Key output files include: - Heatmaps of protein signatures - Volcano plots of differential expression - UMAP trajectory visualizations - Gene set enrichment results (CAMERA-PR analysis) - Quality control plots

Key Dependencies

Major R packages used in this analysis: - MSnbase / MSnSet.utils - Proteomics data structures and manipulation - limma - Linear modeling for differential expression analysis and CAMERA-PR competitive gene set testing - WGCNA - Weighted Gene Co-expression Network Analysis - ComplexHeatmap - Advanced heatmap visualization - tidyverse - Data manipulation and visualization - Seurat - scRNA-seq reference data processing (for cell type QC) - mlr3verse - Machine learning ecosystem for IIRS feature selection - umap - Dimensionality reduction and trajectory visualization - clusterProfiler - Over-representation analysis (ORA)

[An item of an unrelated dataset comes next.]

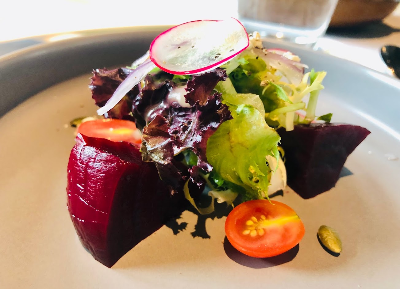 沙拉有堅果跟優格兩種,堅果沙拉主要是甜菜根加一些萵苣洋蔥,優格是大片的蘿美生菜。

All package versions are locked and managed by renv (specified in renv.lock) to ensure reproducibility.

Citation

If you use this code or data, please cite:

Kelly SS, Sarkar S, Williams SM, Fu AD, Butterworth EA, Sagendorf TJ, Nierves LA, Kwon Y, Li X, Petyuk VA, Fulcher JM, Chen J, Nakayasu ES, Atkinson MA, Kulkarni RN, Mathews CE, Zhu Y, Campbell-Thompson M, Qian W-J. Single-Islet Proteomics Maps Pseudo-Temporal Islet Immune Responses and Dysfunction in Stage 1 Type 1 Diabetes. bioRxiv 2025.11.10.687674; doi: https://doi.org/10.1101/2025.11.10.687674

License

This project is licensed under the MIT License. See the LICENSE file for details.

Contact

Corresponding Authors: - Wei-Jun Qian (weijun.qian@pnnl.gov) - Pacific Northwest National Laboratory - Martha Campbell-Thompson (thompmc@pathology.ufl.edu) - University of Florida - Ying Zhu (yingzhupnnl@gmail.com) - Pacific Northwest National Laboratory\

• Clayton E. Mathews (cxm@ufl.edu) - University of Florida

Acknowledgments

We thank the donors and families of the donors for their invaluable contribution to our research and their help to further understand and hopefully cure type 1 diabetes.  This research was performed with the support of the Network for Pancreatic Organ donors with Diabetes (nPOD; RRID:SCR_014641), a collaborative type 1 diabetes research project supported by Breakthrough T1D and The Leona M. & Harry B. Helmsley Charitable Trust (Grant#3-SRA-2023-1417-S-B). The content and views expressed are the responsibility of this article’s authors and do not necessarily reflect the official view of nPOD. Organ Procurement Organizations (OPO) partnering with nPOD to provide research resources are listed at https://npod.org/for-partners/npod-partners/. This research was supported by NIH Grants R01DK122160, R01DK135081, R01DK131059, R01DK123329, P01AI42288, and U01DK137113. Proteomics was performed in the Environmental Molecular Sciences Laboratory, a national scientific user facility sponsored by the DOE and located at Pacific Northwest National Laboratory, which is operated by Battelle Memorial Institute for the DOE under Contract DE-AC05-76RL0 1830.  This work utilized a LEICA 7000 laser microdissection microscope purchased with a NIH shared instrumentation grant S10OD016350 and operated by the University of Florida Molecular Pathology Core (RRID:SCR_016601).